Newswise — Although industry surveys indicate that employers anticipate strong growth in consumer-driven healthcare plans (CDHC), low selection rates remain a significant stumbling block among employees offered such plans as one option among many, according to a report released today by The Conference Board, the international business research organization.

One of the principal reasons that consumers shy away from such plans is the lack of a coherent message about participating in them.

"If employees find the information they're offered about CDHC plans too confusing, the programs will fail," says Jon Gabel, author of The Conference Board report and senior fellow at the National Opinion Research Center. "Employees are unlikely to switch to plans that they don't understand."

To communicate effectively with employees, employers and health plans must present information in a format that minimizes the amount of cognitive analysis required by employees. Early and repeated face-to-face meetings have proven particularly effective in increasing enrollment in CDHC plans. Improving the quality of information available to employees will require pooling medical claims data from a number of health plans. Quality measures also need to be standardized and developed jointly with providers, health plans and employers.

A consumer-driven healthcare plan is a high-deductible health plan combined with a tax-advantaged spending account.

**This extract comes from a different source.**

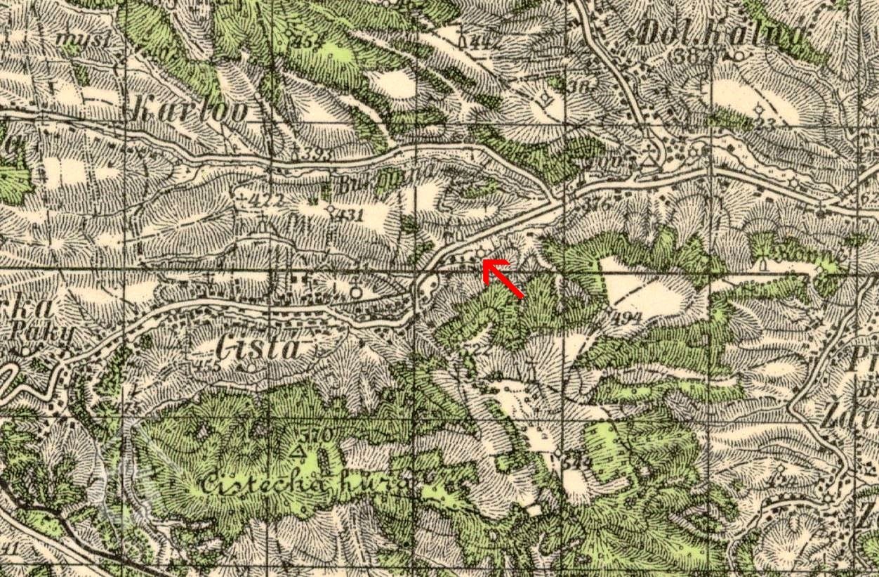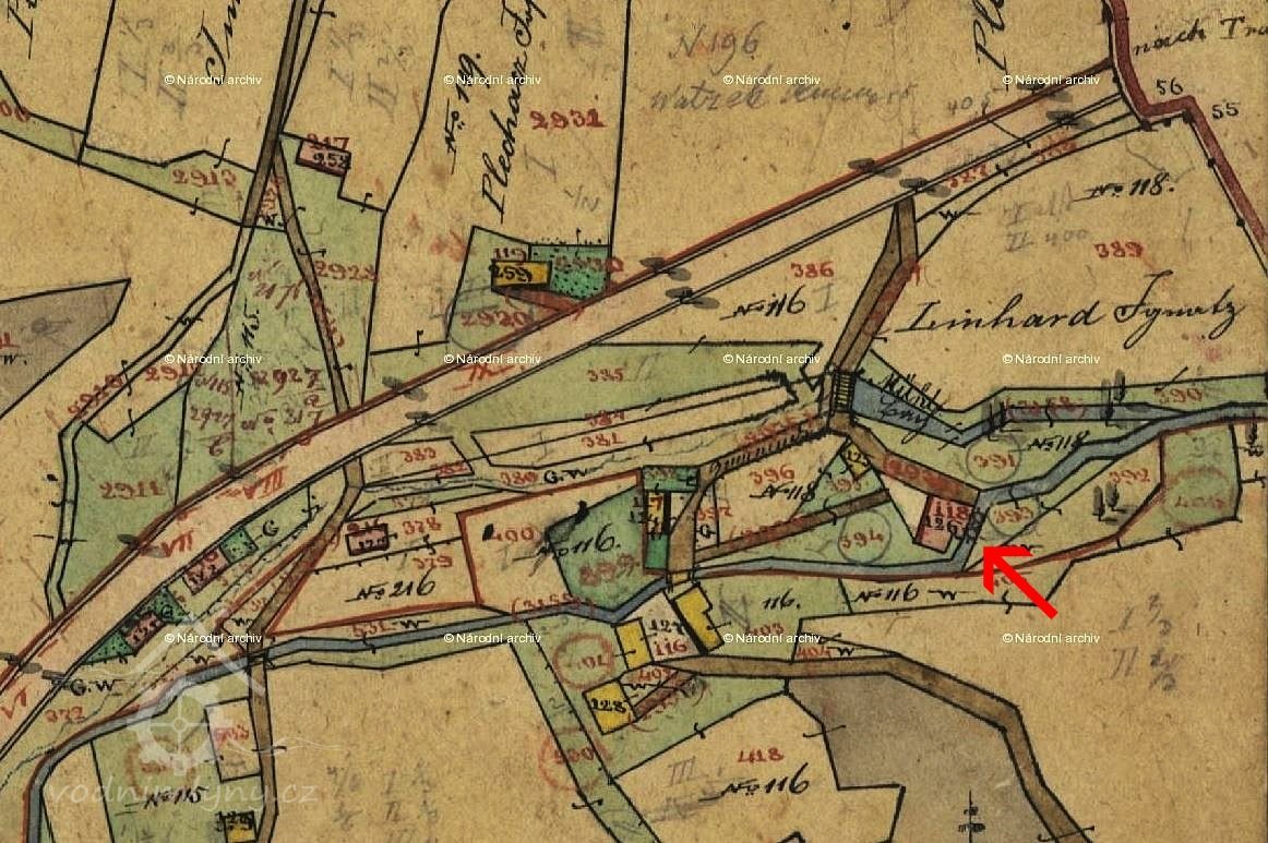 Zbytky bývalého náhonu viditelné, náhon byl napojený na pivovarský rybník v Čisté u Horek.

Of the latter, there are currently two types of plans that meet this definition—health savings accounts (HSAs) and health reimbursement accounts (HRAs)—and the basic difference between them is their relative portability. HRAs, which are based on regulatory decisions made by the U.S. Treasury in 2001 and 2002, are owned and funded by employers. On the other hand, HSAs, which were created by the Medicare Prescription Drug Improvement and Modernization Act of 2003, are employee-owned and fully-portable spending accounts. Employer contributions to HSAs are optional.

In 2005, about 2.4 million U.S. (nonfederal) workers, or 3.5 percent of employees with job-based insurance, were enrolled in a consumer-driven healthcare plan. A typical CDHC plan in 2005 had a deductible of approximately $1,900 and an employer contribution of $792 in HRA plans and $553 in HSA plans. Preventive benefits are often carved out or excluded from these plans. In a 2006 study by the Kaiser Family Foundation, 74 percent of workers in HRA plans and 82 percent of workers enrolled in HSAs had these benefits carved out. An examination of the use of healthcare by CDHC participants prior to their enrollment in a consumer-directed plan indicates that they tend to have a lower rate of use than other employees. They are also more highly educated, more highly paid, and more likely to be males.

In the five case studies included in the report, three of the CDHC plans experienced lower increases in medical claims expenses during the first year of operation. In the second or third year, often as a result of several catastrophic illnesses in the employee population, two of these companies experienced increases in claims expenses that were similar to or higher than those in traditional plans.

"There is little evidence, and much of what does exist is contradictory, as to whether CDHC makes employees better consumers," says Gabel. "To date, there have been no studies of medical records or claims audits to determine if the percentage of medically appropriate care improves under CDHC or if employees are more likely to select high-quality, low-cost providers."

Although most CDHC plan websites that now exist are improvements over prior information delivery systems, many others are still being developed or lack basic information on quality and cost of care for individual physicians.